The rule of Islamic extremists in the country have made women second class citizens, and at worse having a disposition similar to slaves. Afghan women who used to be doctors and teachers were forced to beg and prostitute themselves just to feed their families.
When the Taliban fell in 2001, changes in terms on the political and cultural disposition of Afghan women have started to improve. The new Afghan consititution demanded that both men and women must have equal rights before the rule of law. In effect of this, women are now allowed to work, and the government no longer forces them to wear burqa and are even allowed to hold positions in the government.
Despite of this, women repression is still prevalent in rural areas. Many families still restrict their own mothers, wives and sisters to create their own life. They are still forced into marriages and are still being denied a basic education.
Most Afghan women are still being burned down or are even being poisoned to death on attempts of going to school or welcomming democratic ideas that are against their normative Islamic views.

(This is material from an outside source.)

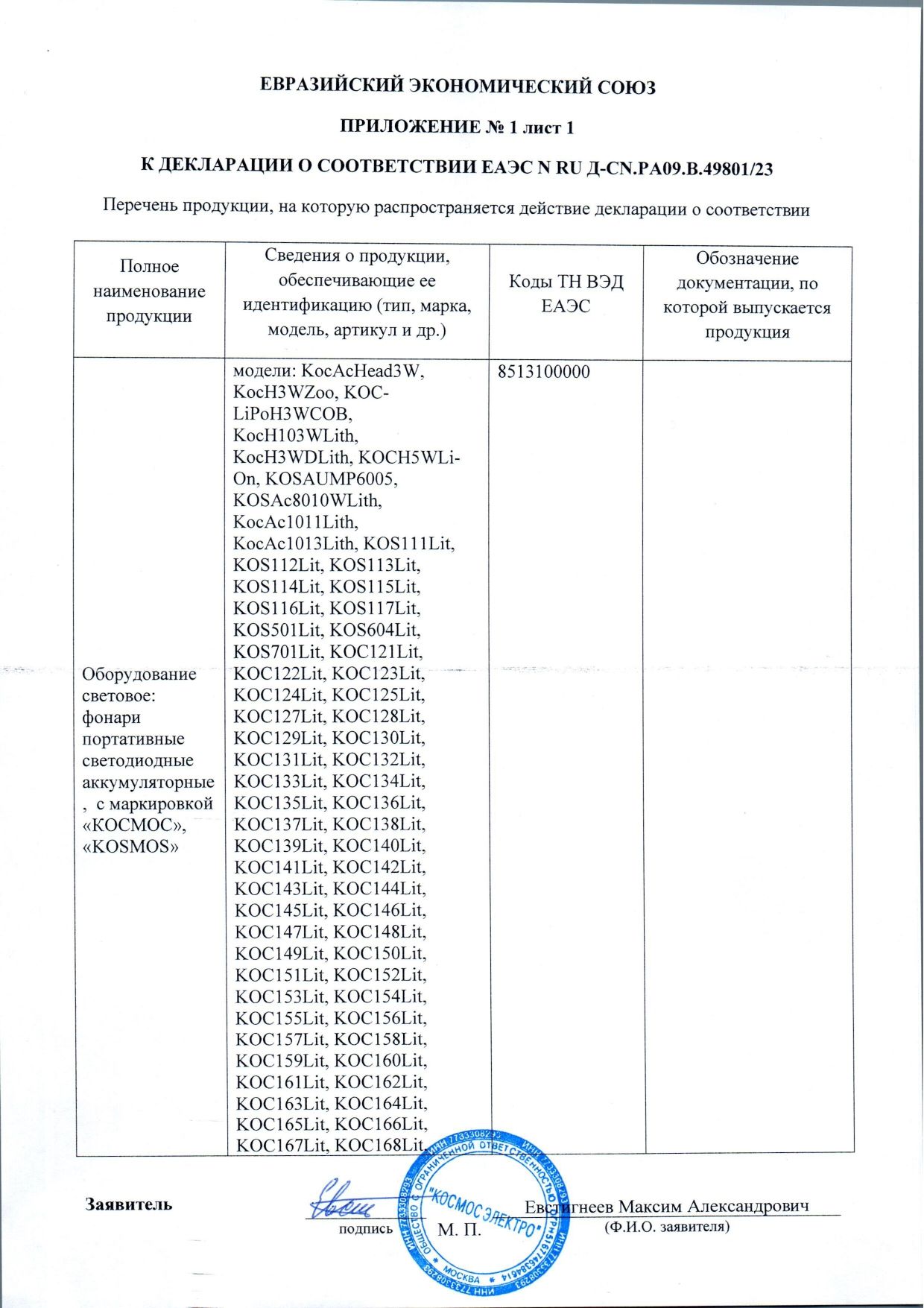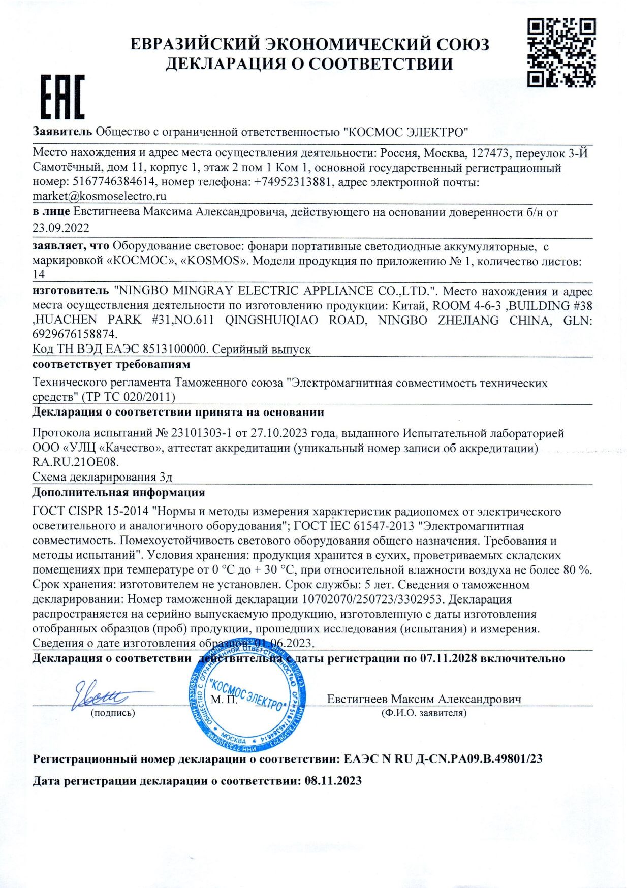 Фонарь аккумуляторный КОСМОС 1 Вт, LED, Li-ion, заряд от USB, KOS117Lit

While women in other parts of the country are celebrating their individuality, freedom, personal develpment and triumph, other women in the Arab region are still battling for their basic human rights.
The feminist ideals of political and social equality in currently at democratic and liberal countries though decades old appears to be a utopia that every Afghan woman desires to attain. Religious extermists in the Arab region and other parts of the world have always belittled the intrinsic value of women and have been treating them as an object serving the purpose of men.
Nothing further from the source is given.